:: Assigned task ::
What should you transcribe? Every line from the top of the records below through the line with "This hyperdetailed image", exactly, and no pictures.

Records from a collection
• • •
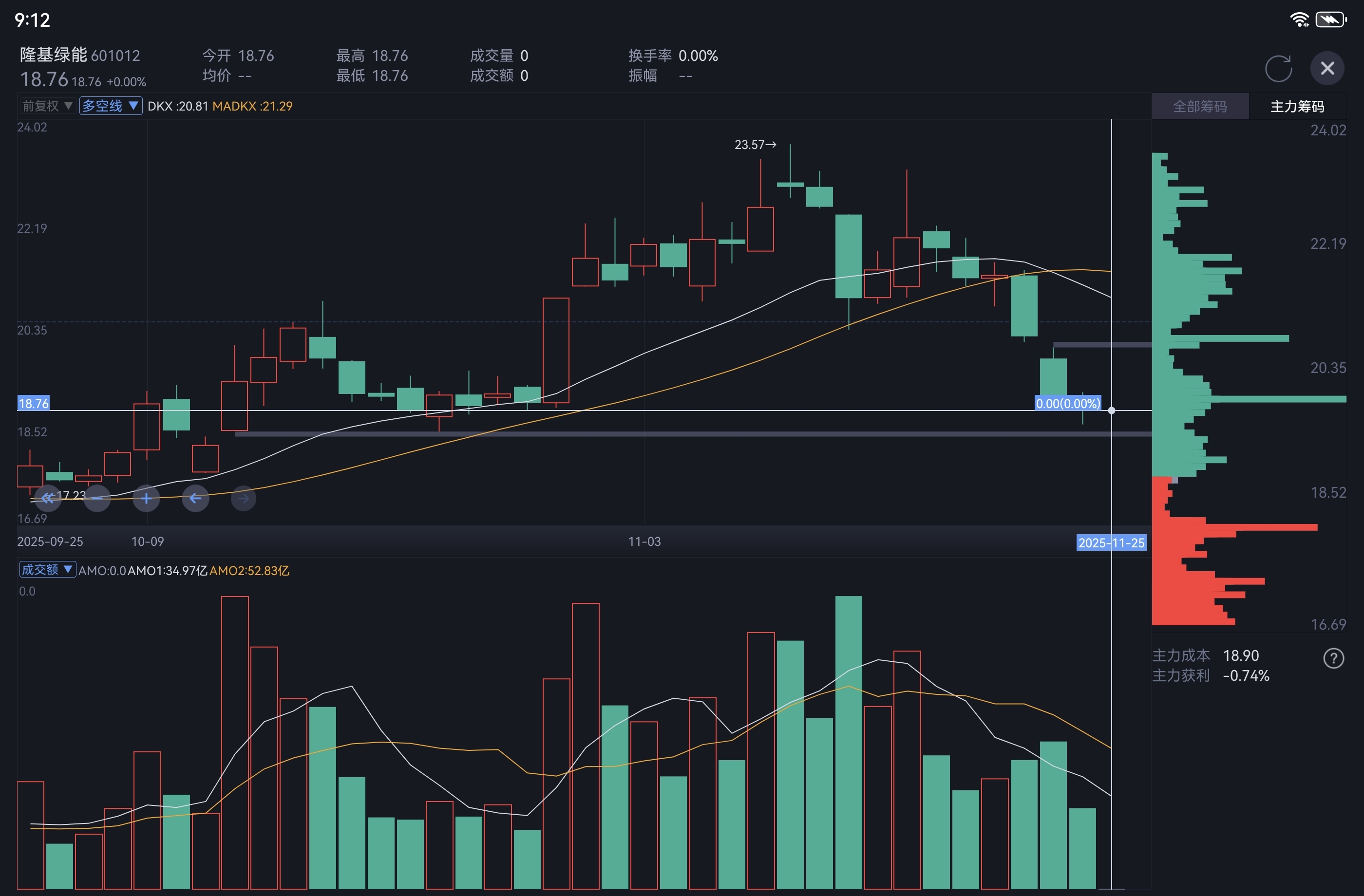 $隆基绿能(SH601012)$ 主力也不好过啊,都已经跌破成本区了。
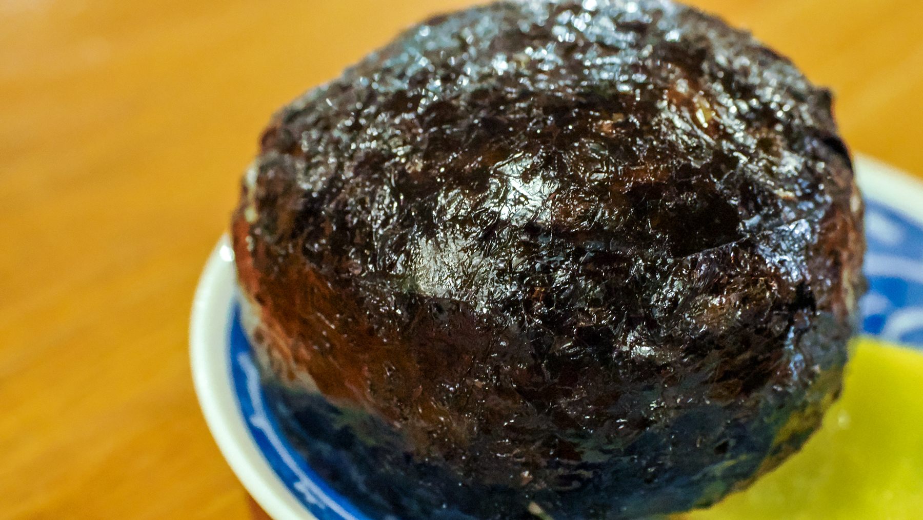 岩のり特有の光沢がある紫がかった色と、まんまるなおにぎりの大きさにも感動。
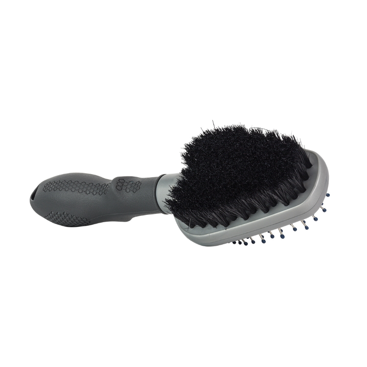 Двойная щетка FURminator имеет две разные стороны, которые служат разным целям. С одной стороны, вы найдете прочные жесткие щетинки, которые распутывают шерсть и помогают удалить любую грязь, а также помогают прочесывать спутывания. Другая сторона сделана из мягкой щетины кабана, которая помогает сохранить естественную гладкость и блеск шерсти. Эта щетка для кошек и собак имеет эргономичную противоскользящую рукоятку, которая делает ее удобной и удобной в использовании.
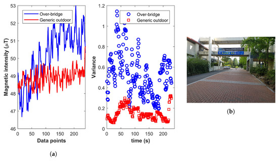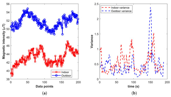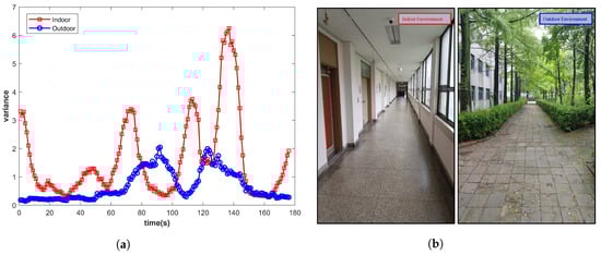 Magnetic variance for the indoor and outdoor environment. (a) Magnetic variance; (b) Indoor & outdoor environment of given variance.
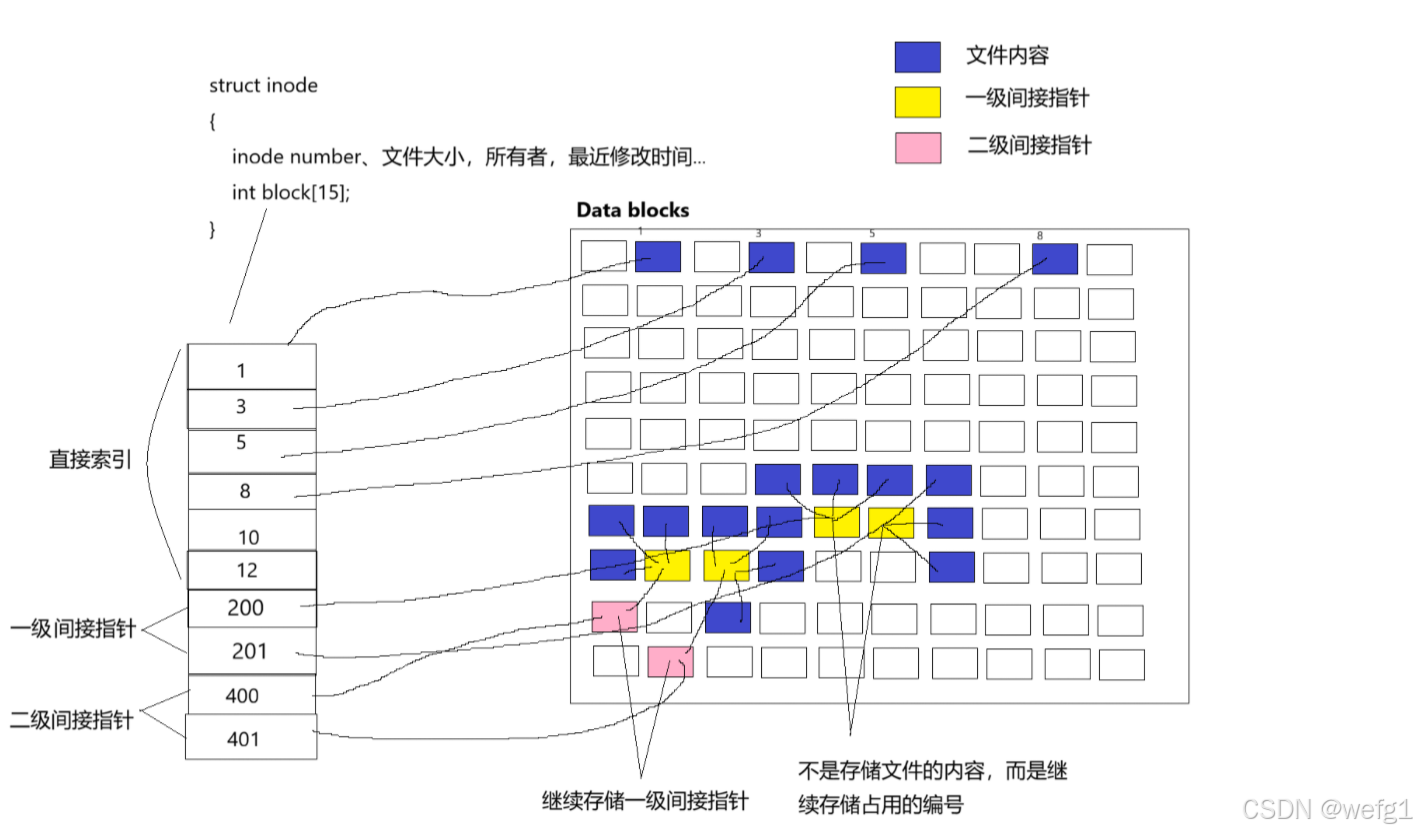 在磁盘上存储文件,就要存储文件的内容和属性,文件的内容是以数据块形式存储的,文件的属性是以 inode 形式存储的,即:文件的内容和属性是分开存储的。
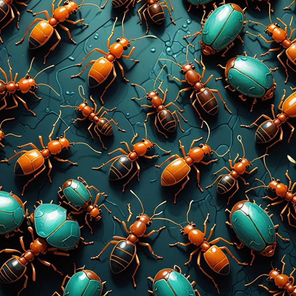 This hyperdetailed image features ants cleverly disguised as other insects, rendered in a photorealistic, abstract style with intricate patterns and a metallic sheen, using saturated, complementary colors and dramatic lighting.
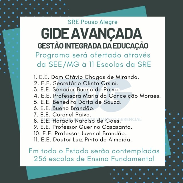Do Sul de Minas a SRE de Pouso Alegre foi a selecionada entre as 17 do Estado de Minas para receber o programa em 11 Escolas Estaduais de Ensino Fundamental. A Superintendente Clícia Beraldo diz que esse projeto é um presente para as Escolas Mineiras e que o objetivo desta ação é auxiliar as gestões escolares e seus servidores à melhorarem os índices se aprendizagem através se ações pedagógicas e administrativas transformadoras.
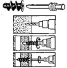 Нейлоновый «рамный» дюбель с эластичными внешними полукольцами. Они в сплошной стене действуют как распорка, а встречаясь с пустотами, превращаются в анкерный упор. Раздвинутые полукольца, упираясь в стенки гнезда, препятствуют проворачиванию дюбеля вместе с винтом. Значительная длина дюбеля не позволяет опрокидываться присоединяемым конструкциям, например деревянным каркасам (1-17).
• • •
:: Finished exercise ::
 $隆基绿能(SH601012)$ 主力也不好过啊,都已经跌破成本区了。
 岩のり特有の光沢がある紫がかった色と、まんまるなおにぎりの大きさにも感動。
 Двойная щетка FURminator имеет две разные стороны, которые служат разным целям. С одной стороны, вы найдете прочные жесткие щетинки, которые распутывают шерсть и помогают удалить любую грязь, а также помогают прочесывать спутывания. Другая сторона сделана из мягкой щетины кабана, которая помогает сохранить естественную гладкость и блеск шерсти. Эта щетка для кошек и собак имеет эргономичную противоскользящую рукоятку, которая делает ее удобной и удобной в использовании.
 Magnetic variance for the indoor and outdoor environment. (a) Magnetic variance; (b) Indoor & outdoor environment of given variance.
 在磁盘上存储文件,就要存储文件的内容和属性,文件的内容是以数据块形式存储的,文件的属性是以 inode 形式存储的,即:文件的内容和属性是分开存储的。
 This hyperdetailed image features ants cleverly disguised as other insects, rendered in a photorealistic, abstract style with intricate patterns and a metallic sheen, using saturated, complementary colors and dramatic lighting.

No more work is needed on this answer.